Problem details: No pictures, please: print exactly the lines from the one that contains "ENF 클래스 핸들이" through the last line of the listing.

Data block:

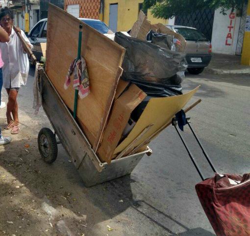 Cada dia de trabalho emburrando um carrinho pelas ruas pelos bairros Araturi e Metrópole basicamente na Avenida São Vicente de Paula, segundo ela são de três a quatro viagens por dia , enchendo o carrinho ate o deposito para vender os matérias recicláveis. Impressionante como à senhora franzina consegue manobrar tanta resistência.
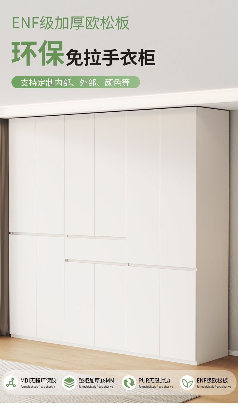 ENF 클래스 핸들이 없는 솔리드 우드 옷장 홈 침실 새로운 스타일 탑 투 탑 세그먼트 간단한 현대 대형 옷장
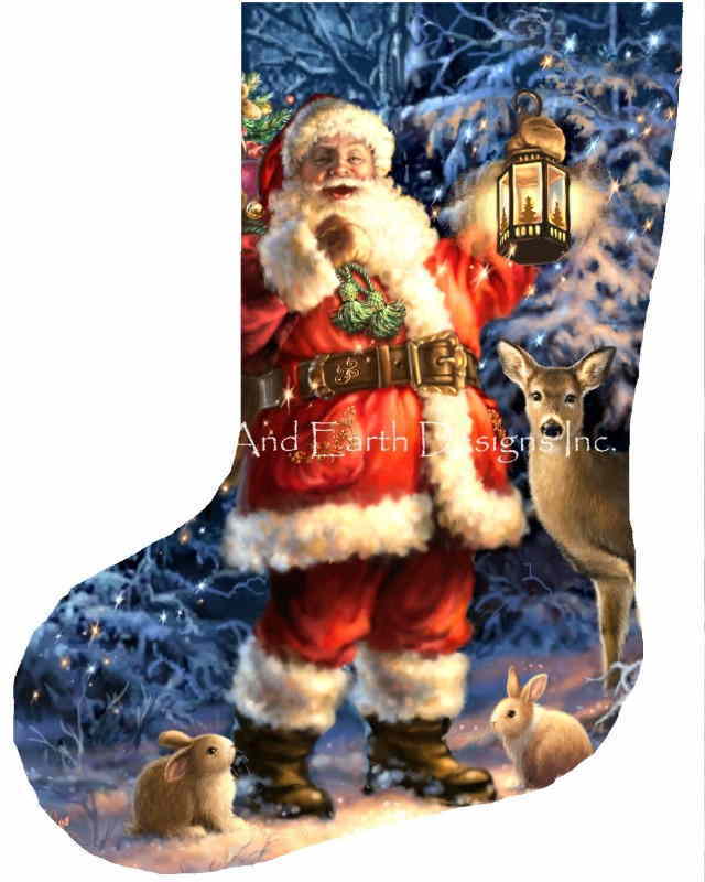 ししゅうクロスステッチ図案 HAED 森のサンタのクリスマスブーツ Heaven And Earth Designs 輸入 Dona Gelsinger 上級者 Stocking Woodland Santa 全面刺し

Solution to the problem:
 ENF 클래스 핸들이 없는 솔리드 우드 옷장 홈 침실 새로운 스타일 탑 투 탑 세그먼트 간단한 현대 대형 옷장
 ししゅうクロスステッチ図案 HAED 森のサンタのクリスマスブーツ Heaven And Earth Designs 輸入 Dona Gelsinger 上級者 Stocking Woodland Santa 全面刺し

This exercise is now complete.